■ Supplied entries:

+++

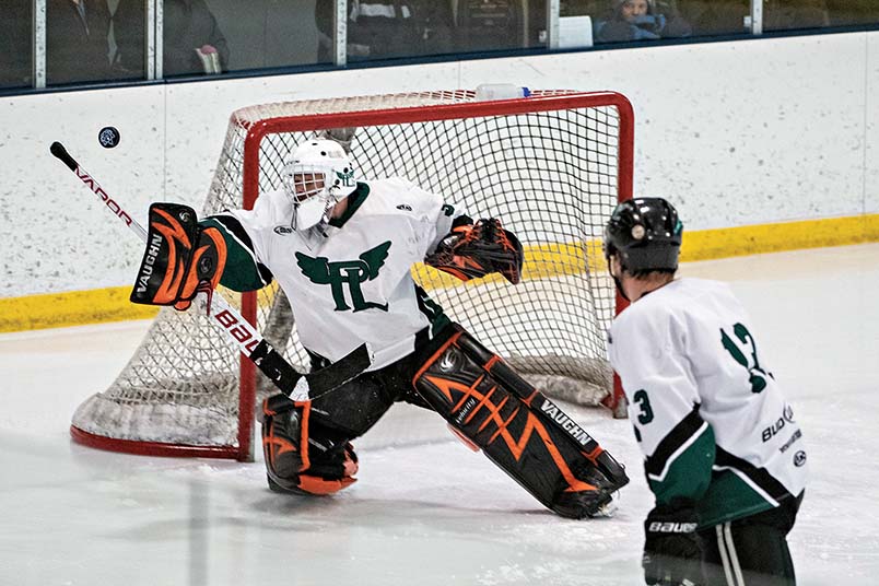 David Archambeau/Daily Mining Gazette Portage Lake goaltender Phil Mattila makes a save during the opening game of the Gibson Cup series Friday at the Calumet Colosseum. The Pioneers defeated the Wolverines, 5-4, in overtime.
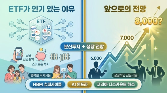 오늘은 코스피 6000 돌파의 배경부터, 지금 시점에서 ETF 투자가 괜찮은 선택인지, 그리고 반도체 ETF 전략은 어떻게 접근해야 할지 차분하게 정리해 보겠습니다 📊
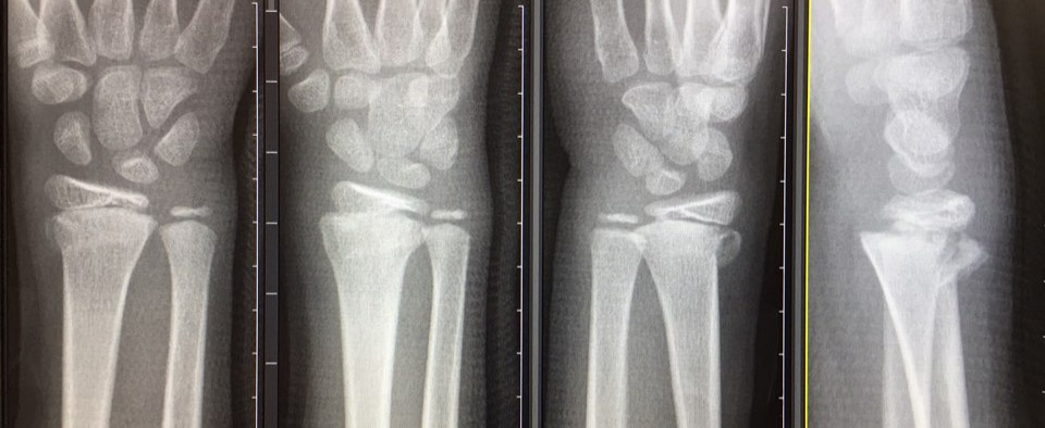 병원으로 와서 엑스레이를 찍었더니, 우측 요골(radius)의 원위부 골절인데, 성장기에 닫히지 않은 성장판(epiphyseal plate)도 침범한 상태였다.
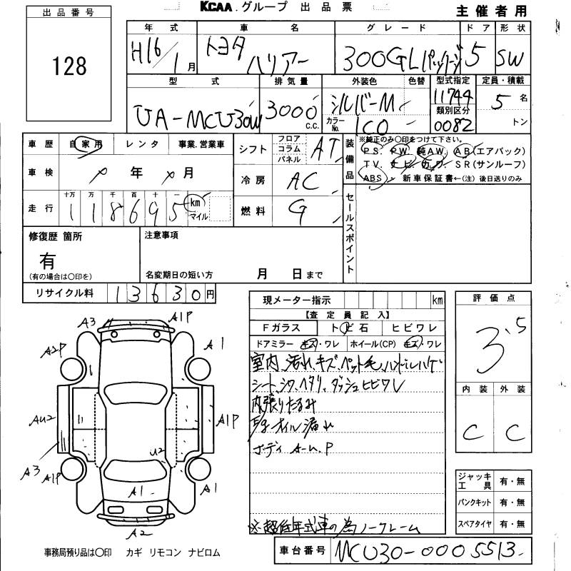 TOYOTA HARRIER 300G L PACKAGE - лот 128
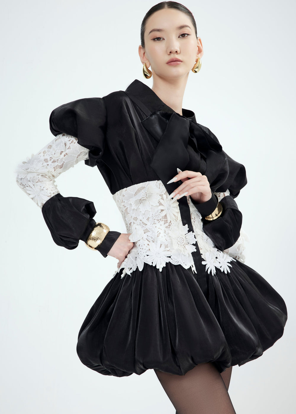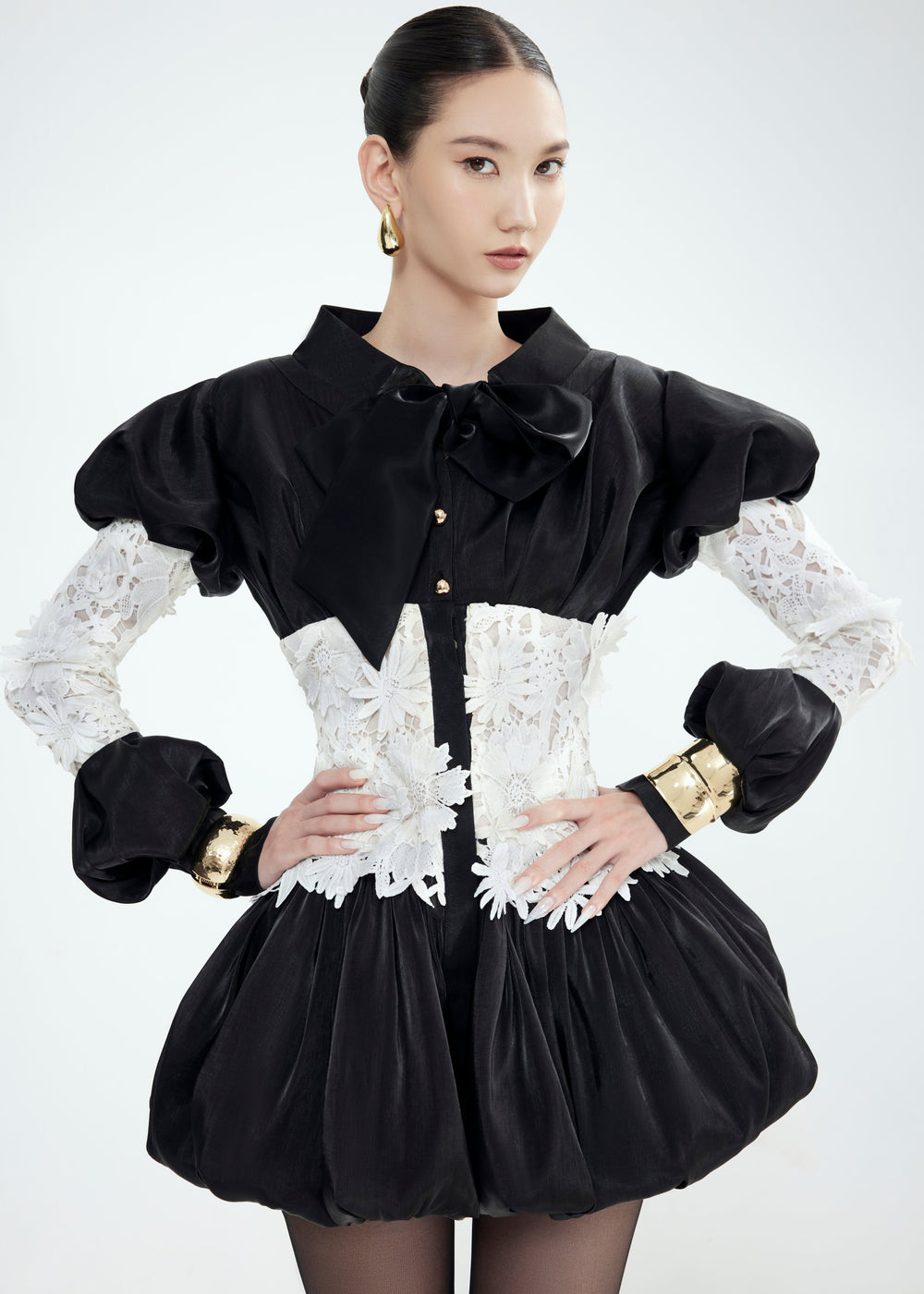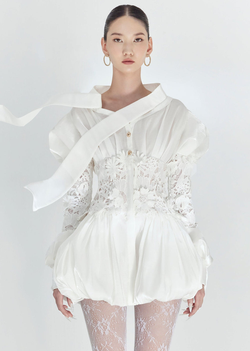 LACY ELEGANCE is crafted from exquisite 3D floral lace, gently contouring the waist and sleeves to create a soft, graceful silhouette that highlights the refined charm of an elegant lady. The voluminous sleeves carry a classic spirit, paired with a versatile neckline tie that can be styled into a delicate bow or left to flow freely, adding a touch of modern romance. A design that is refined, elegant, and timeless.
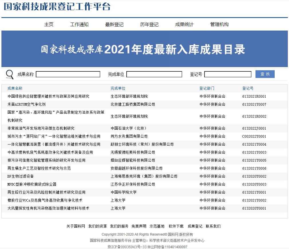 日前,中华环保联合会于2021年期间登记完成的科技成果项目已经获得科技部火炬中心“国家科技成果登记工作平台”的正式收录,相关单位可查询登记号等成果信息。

+++

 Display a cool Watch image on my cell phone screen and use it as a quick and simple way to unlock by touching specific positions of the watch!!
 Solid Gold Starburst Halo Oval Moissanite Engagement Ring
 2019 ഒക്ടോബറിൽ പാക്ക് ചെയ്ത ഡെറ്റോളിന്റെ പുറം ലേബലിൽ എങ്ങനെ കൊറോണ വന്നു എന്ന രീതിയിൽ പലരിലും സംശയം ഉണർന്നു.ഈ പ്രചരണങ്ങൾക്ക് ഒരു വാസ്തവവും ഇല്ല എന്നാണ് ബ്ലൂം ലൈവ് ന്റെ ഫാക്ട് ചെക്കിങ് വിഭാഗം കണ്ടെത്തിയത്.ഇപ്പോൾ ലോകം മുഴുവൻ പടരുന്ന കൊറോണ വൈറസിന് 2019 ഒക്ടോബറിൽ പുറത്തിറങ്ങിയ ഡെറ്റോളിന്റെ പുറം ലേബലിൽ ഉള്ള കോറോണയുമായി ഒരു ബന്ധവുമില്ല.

+++

■ Work task:
Of the lines above, extract only those from the line with "Solid Gold Starburst" to the line with "2019 ഒക്ടോബറിൽ പാക്ക്", both included, exactly as written.

■ Answer area:
 Solid Gold Starburst Halo Oval Moissanite Engagement Ring
 2019 ഒക്ടോബറിൽ പാക്ക് ചെയ്ത ഡെറ്റോളിന്റെ പുറം ലേബലിൽ എങ്ങനെ കൊറോണ വന്നു എന്ന രീതിയിൽ പലരിലും സംശയം ഉണർന്നു.ഈ പ്രചരണങ്ങൾക്ക് ഒരു വാസ്തവവും ഇല്ല എന്നാണ് ബ്ലൂം ലൈവ് ന്റെ ഫാക്ട് ചെക്കിങ് വിഭാഗം കണ്ടെത്തിയത്.ഇപ്പോൾ ലോകം മുഴുവൻ പടരുന്ന കൊറോണ വൈറസിന് 2019 ഒക്ടോബറിൽ പുറത്തിറങ്ങിയ ഡെറ്റോളിന്റെ പുറം ലേബലിൽ ഉള്ള കോറോണയുമായി ഒരു ബന്ധവുമില്ല.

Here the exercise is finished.